[Aim of the exercise]:
For this exercise, copy exactly every line from the one holding "そしてクルクルとプリーツに沿って巻いて、さらに4つ折りにします。" through the end of the data, both included. Omit pictures.

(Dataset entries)

---

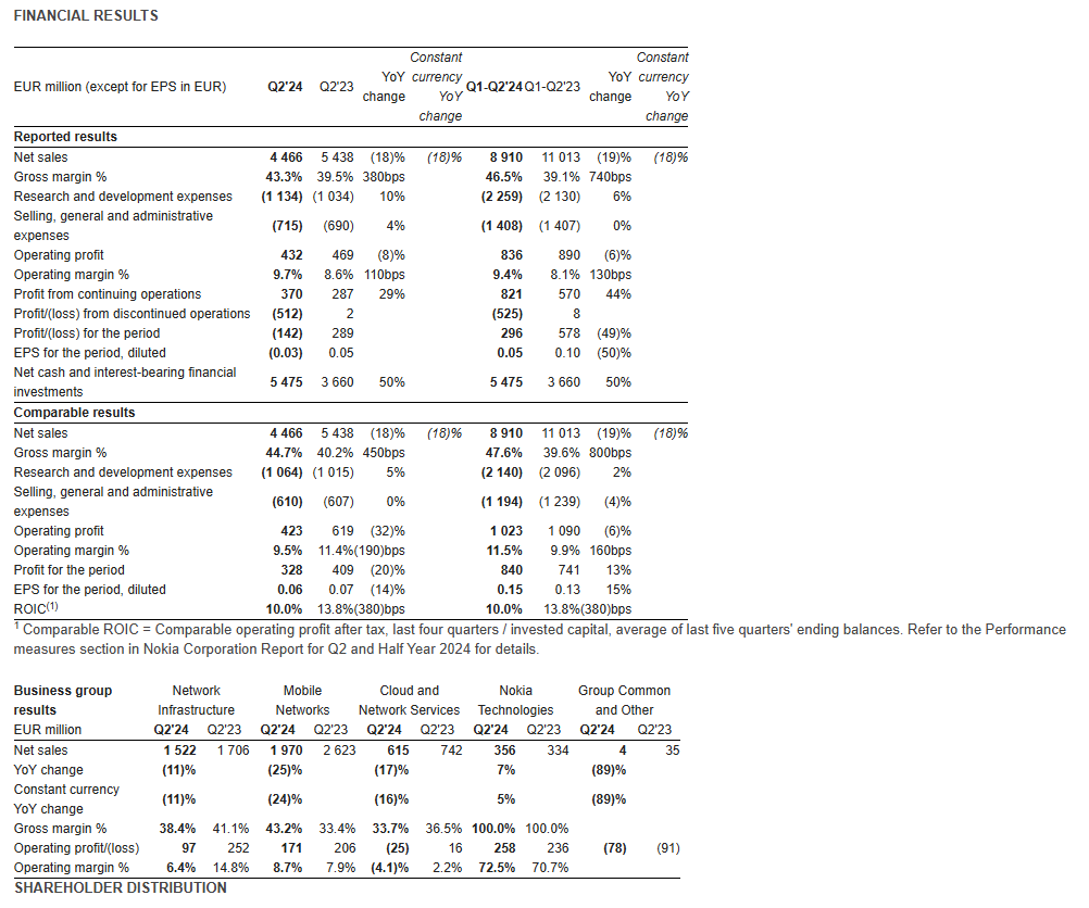 諾基亞現公布了 2024 年第二季度及上半年業績報告,按固定匯率計算 Q2 凈銷售額同比下降 18% 至 44.7 億歐元(IT之家備注:當前約 355.1 億元人民幣)。
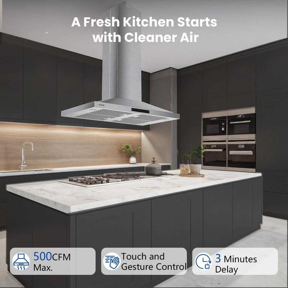 VIKIO 42 in 500CFM Convertible Island Range Hood in Stainless Steel with Gesture control and 4 LED Lights
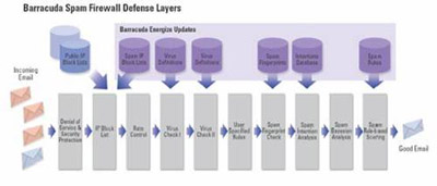 相对来说,目前专业的企业级垃圾邮件防火墙不是很多,大部门还是兼顾防病毒、防攻击、防垃圾等“多防”硬件。但是CipherTrust公司的Ironmail和Barracuda Networks的梭子鱼就是专门的垃圾邮件防火墙。
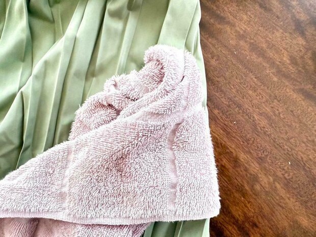 そしてクルクルとプリーツに沿って巻いて、さらに4つ折りにします。
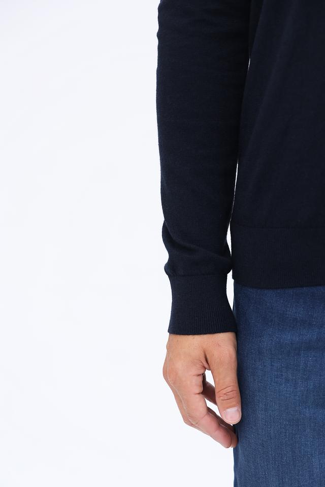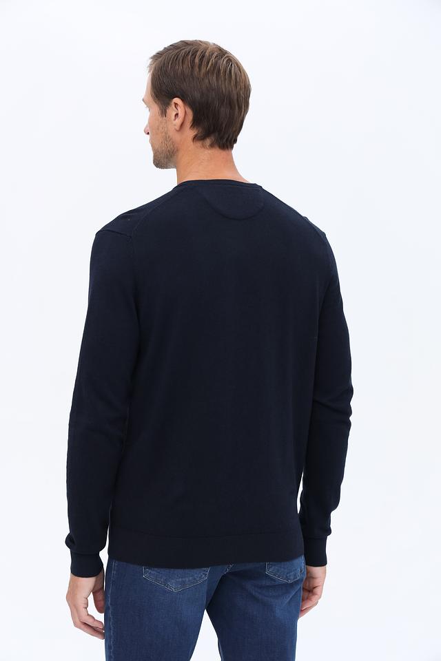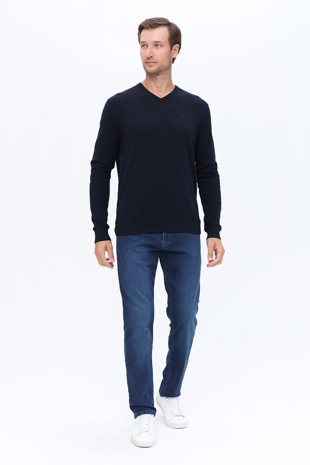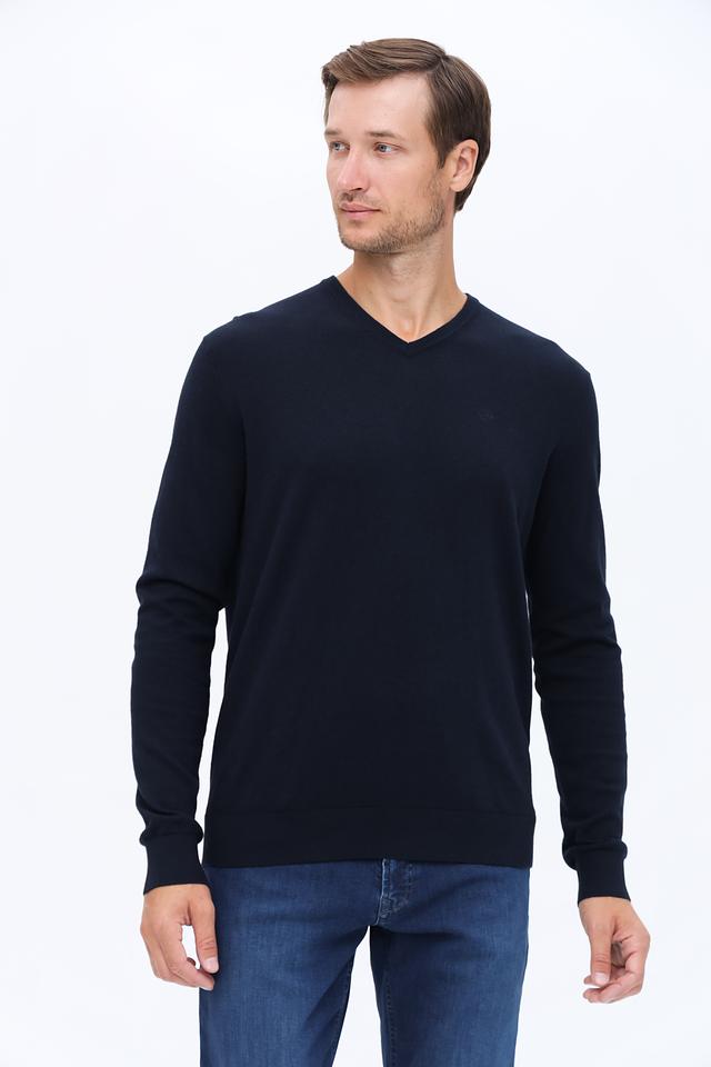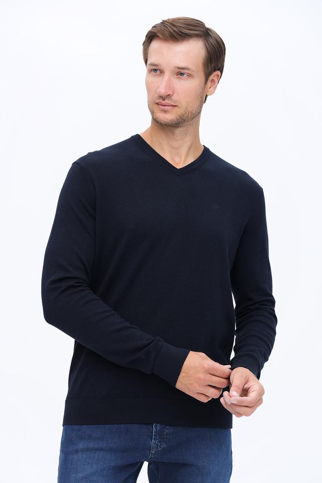Модель имеет классический крой с V-образным вырезом, который подчеркивает мужественность силуэта. Тёмно-синий цвет делает этот джемпер универсальным элементом гардероба, легко сочетающимся с различными стилями одежды.

---

[Expected answer]:
 そしてクルクルとプリーツに沿って巻いて、さらに4つ折りにします。
Модель имеет классический крой с V-образным вырезом, который подчеркивает мужественность силуэта. Тёмно-синий цвет делает этот джемпер универсальным элементом гардероба, легко сочетающимся с различными стилями одежды.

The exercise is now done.